Подхватился я и к нему. Она было дело, «а-а», только я уже за калиткой. Смотрю, грустный какой-то Витёк, будто бы шалабан мне уже проиграл. Ни тетрадки при нём, ни авторучки, будто бы не на почту собрался. И репу свою мне подставляет.

— На, — говорит, — бей!

Я ему:

— Что за дела⁈

А он:

— Нет у меня рубля!

— Как нет⁈

— А так. С вечера был. Вместе с конвертом лежал в кармане штанов. Я перед сном проверял. А утром уже нет. Танька наверно подглядела и свистнула, сучка такая!

Хотел я ему сказать, что Таньку зовут Петром, да не решился. Всё равно б не поверил и в драку полез. Он тогда старшего брата выше Ленина чтил за то, что достал его из Невольки, когда Витька тонул, и уже начинал пускать пузыри.

Вот так, думаю, неделю назад не мог для себя решить, кому юбилейный рубль будет нужней, мамке или Гагарину. А оказалось, Витьку.

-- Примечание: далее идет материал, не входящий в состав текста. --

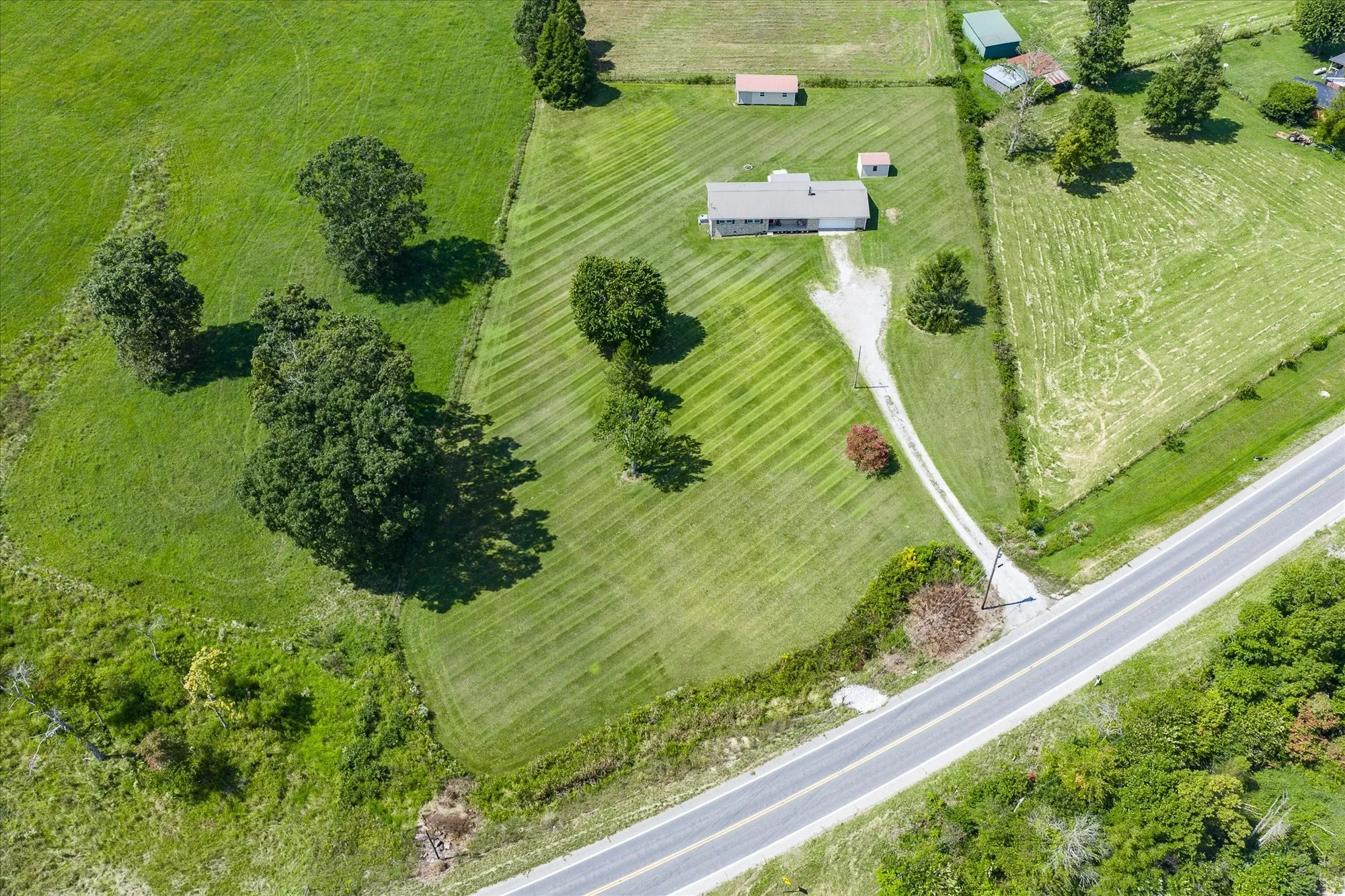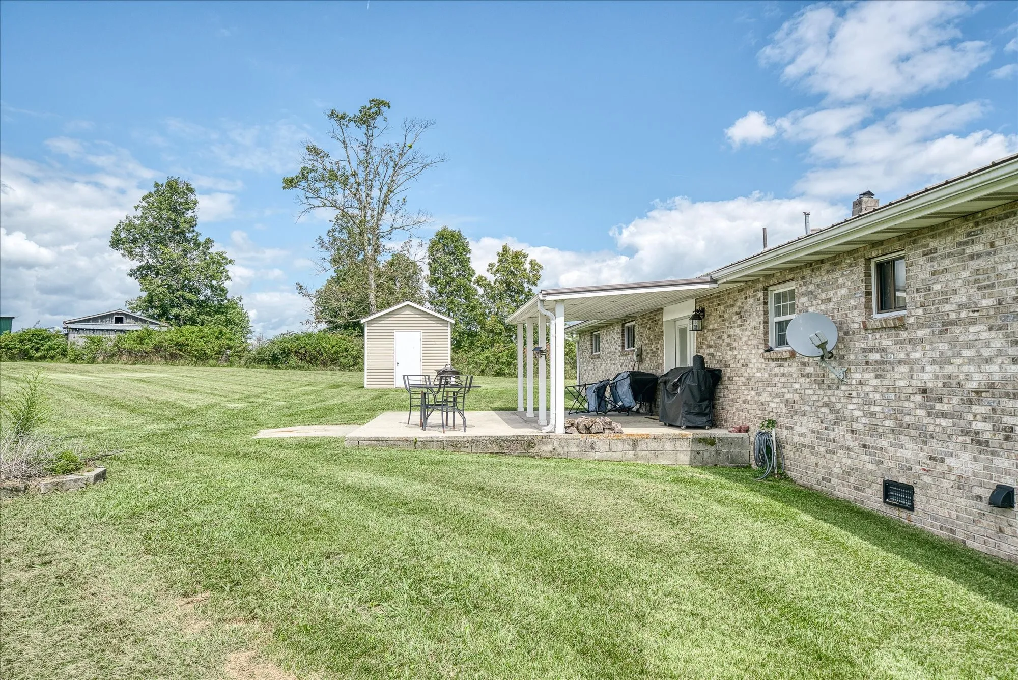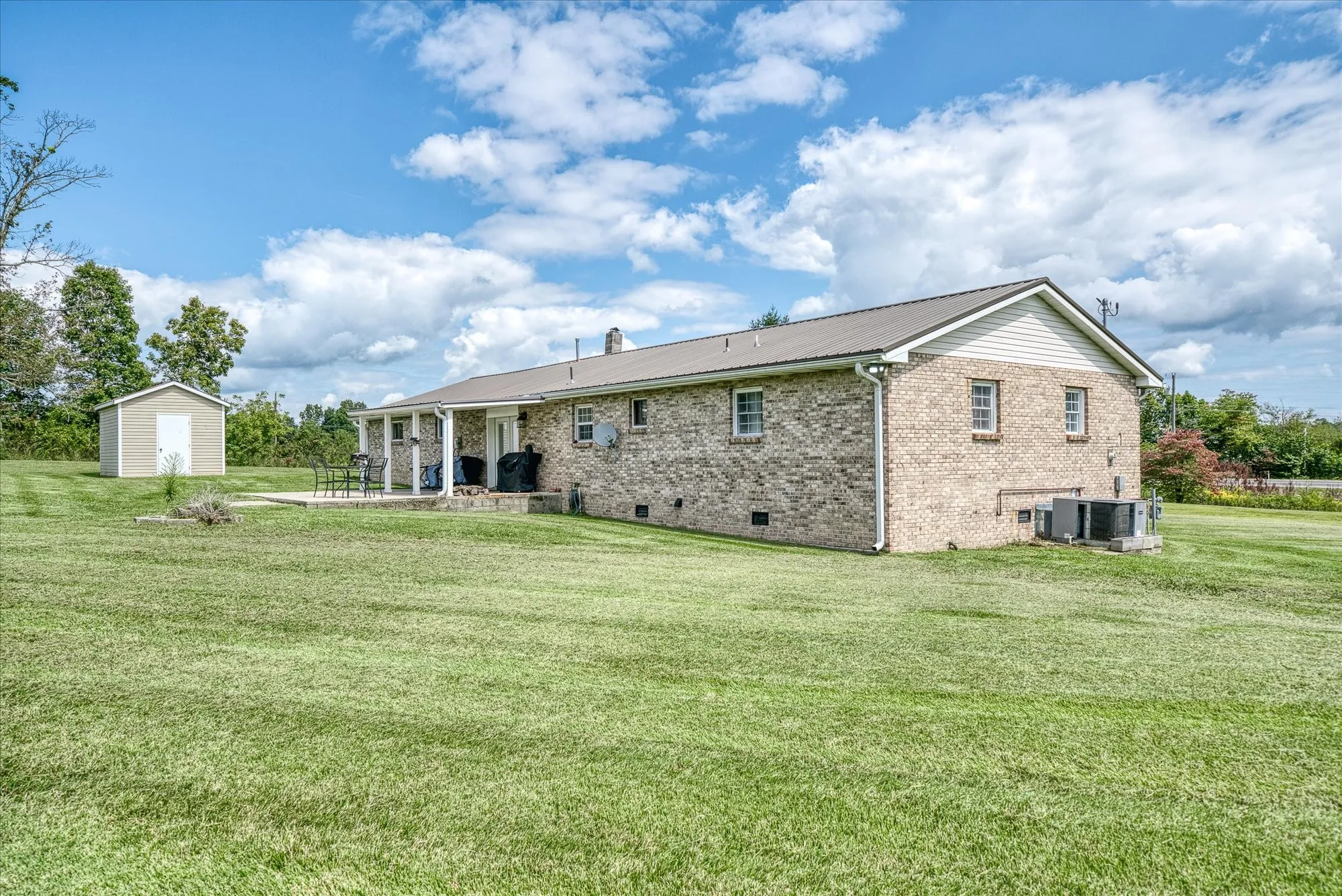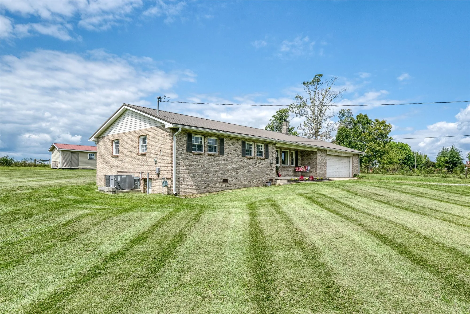 This well-maintained, all-brick ranch-style residence is situated on 2.20 acres of land, offering a spacious living room featuring a gas fireplace and a roomy kitchen equipped with stainless steel appliances approximately two years old, accompanied by a breakfast bar and an eat-in area. The interior of the home boasts lovely laminate wood flooring, three bedrooms and updated bathrooms. The primary bedroom offers a roomy walk-in closet. The exterior showcases an oversized 27 x 28 two-car garage, a covered front porch, and a covered back patio, offering pretty farmland views from both porches plus two large storage buildings, one with electric, provide you with plenty of storage space. This surveyed acreage is unrestricted, allowing you to bring any and all of your animals and provides lots of room for gardening. Ideally situated just 5 minutes from the local elementary school, 10 minutes from the City of Crossville and 35 minutes from the City of Cookeville. Make your appointment soon!
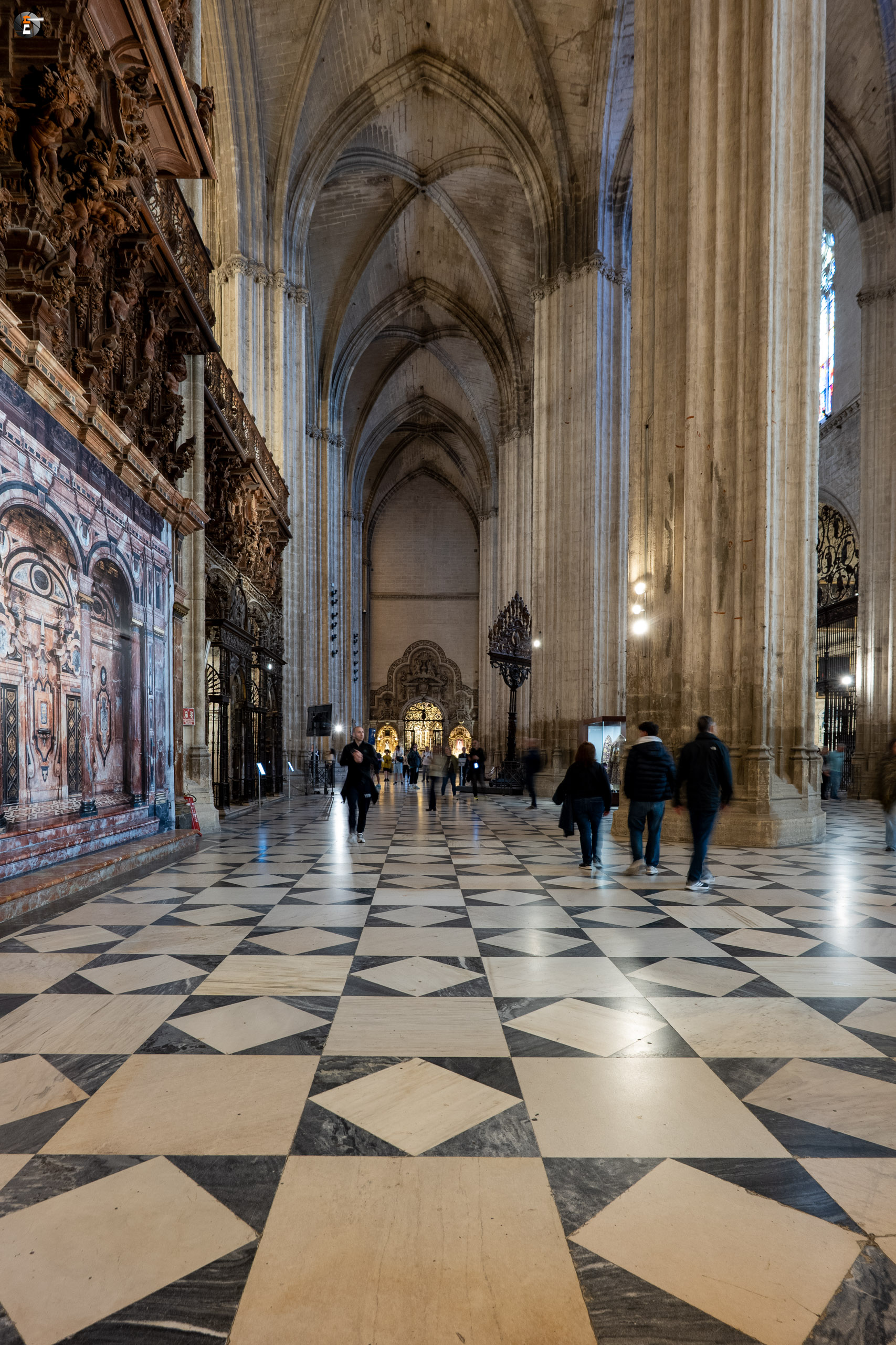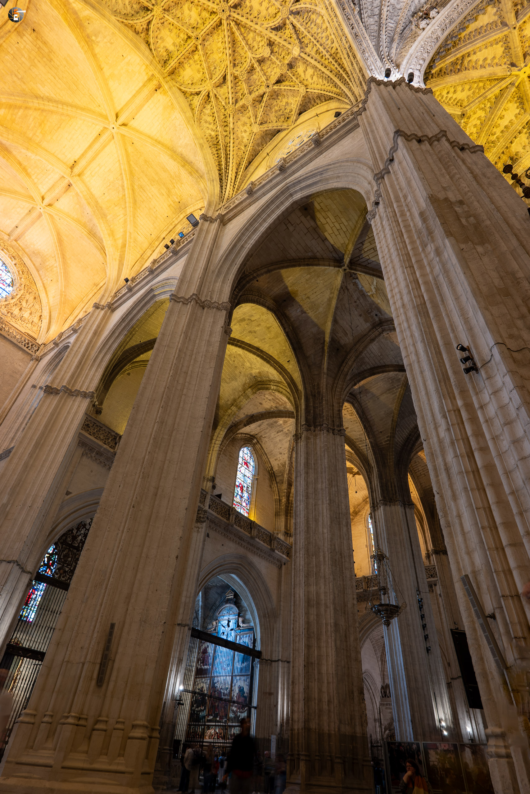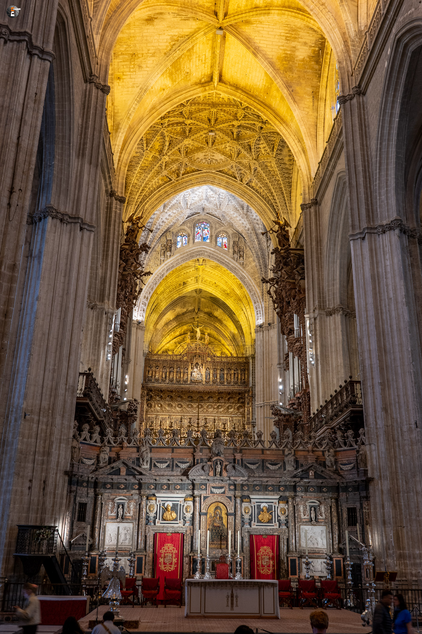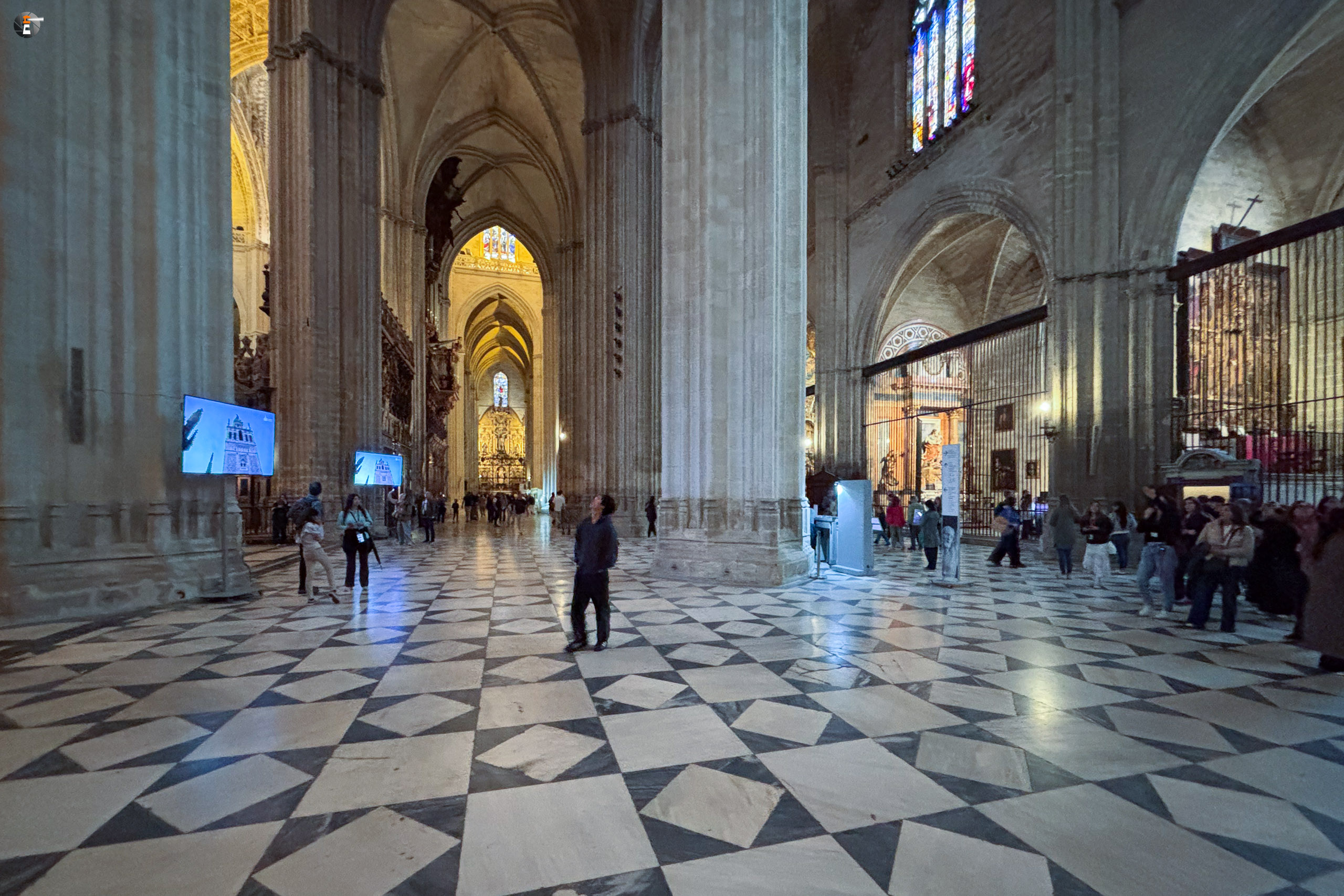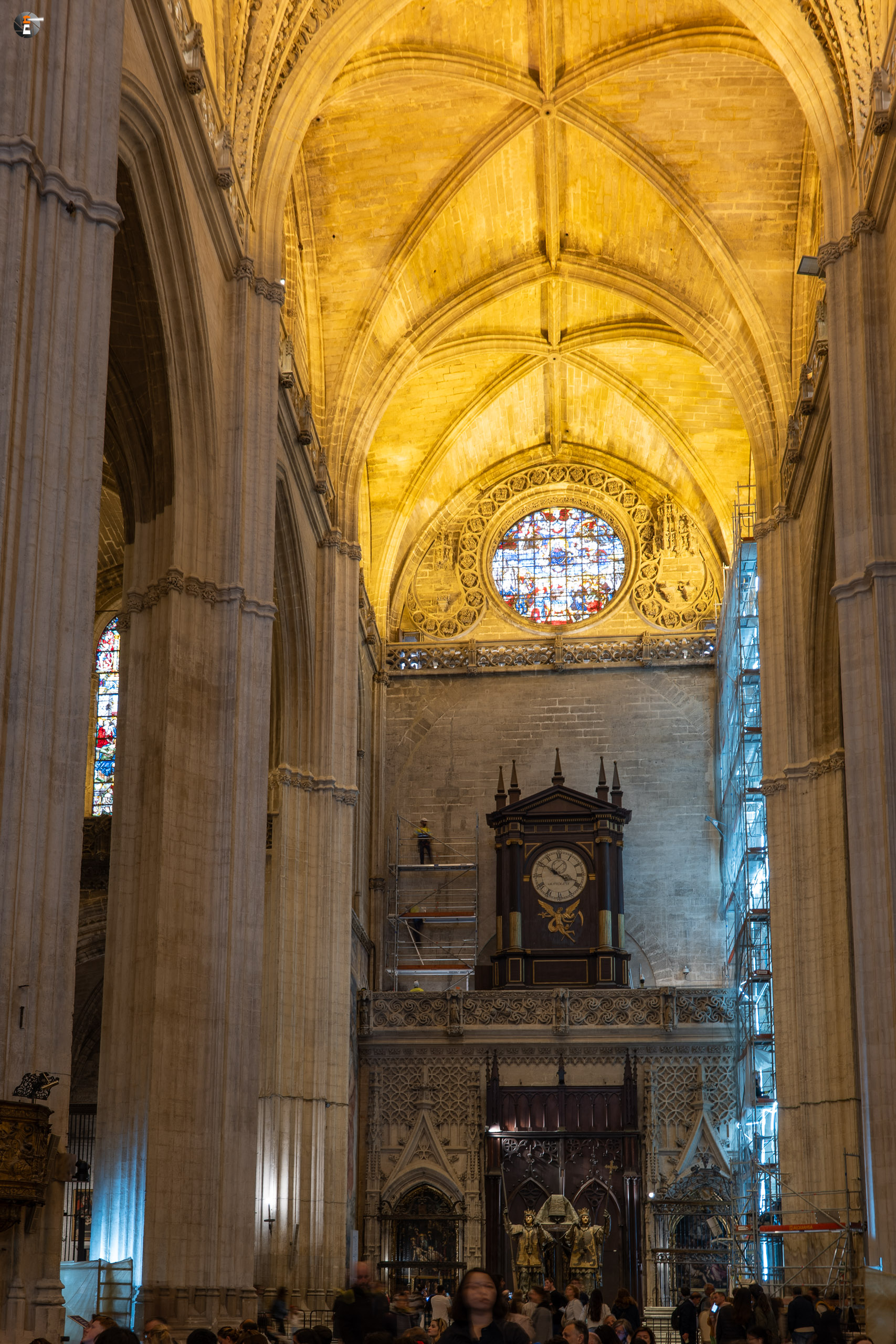 Halb drei treffen wir uns aber alle wieder, um zum Treffpunkt für unsere Kathedralbesichtigung aufzubrechen. Immerhin soll sich das viele Geld, das wir einer Agentur in den Rachen geschmissen haben, auch lohnen. Von einem Guide mit Schirm werden wir an allen Schlangen vorbei zum Fuße der Giralda gelotst. Ab dann sind wir freie Menschen mit einem Audioguide. So frei, wie man ist, wenn man in einer Schlange anderer Menschen auf einen hohen Turm läuft. Aber am Ende lohnt es sich immer. Mit ein ganz klein wenig warten ist es uns min allen Himmelsrichtungen gelungen, einen Blick auf Sevilla zu erhaschen. Die Stadt ist echt schön und auf jeden Fall immer wieder eine Reise wert. Wir waren ja schon einige Male hier. Zurück in der Kathedrale schaut sich ein jeder von uns das an, worauf er gerade Lust hat, dem Audioguide sei Dank! Keinesfalls zu übersehen ist für alle dabei das Grab des Kolumbus, der hier, wie es sein Wunsch war, nicht in spanischer Erde ruht.

Кто ему больше поможет, если не старший друг? Достал из кармана рогатку:

— На, зацени подарок, а я пока за книжкой схожу. Как вернусь, буду отпускать шалабан.

Не хотела меня бабушка отпускать, но увидела по глазам, что действительно надо. Спрятал я под рубашку «Республику ШКИД» и тетрадку, а рубль с авторучкой сунул в карман. Обернулся за пару минут. Смотрю, мой друган вертит в руках рогатку, а мысли у него не о том. Чуть не плачет. Так его жалко стало!

— Ладно, — сказал, — дам я тебе рубль. Погнали на почту, там и письмо напишем. Конверт у тебя с собой?

Не поверил Витёк. Да и кто б на его месте поверил, что пацан пацану так вот, запросто рубль отдаст? Скажите ещё сто!

— Брешешь!!!

— Брешут собаки и свиньи и ты вместе с ними!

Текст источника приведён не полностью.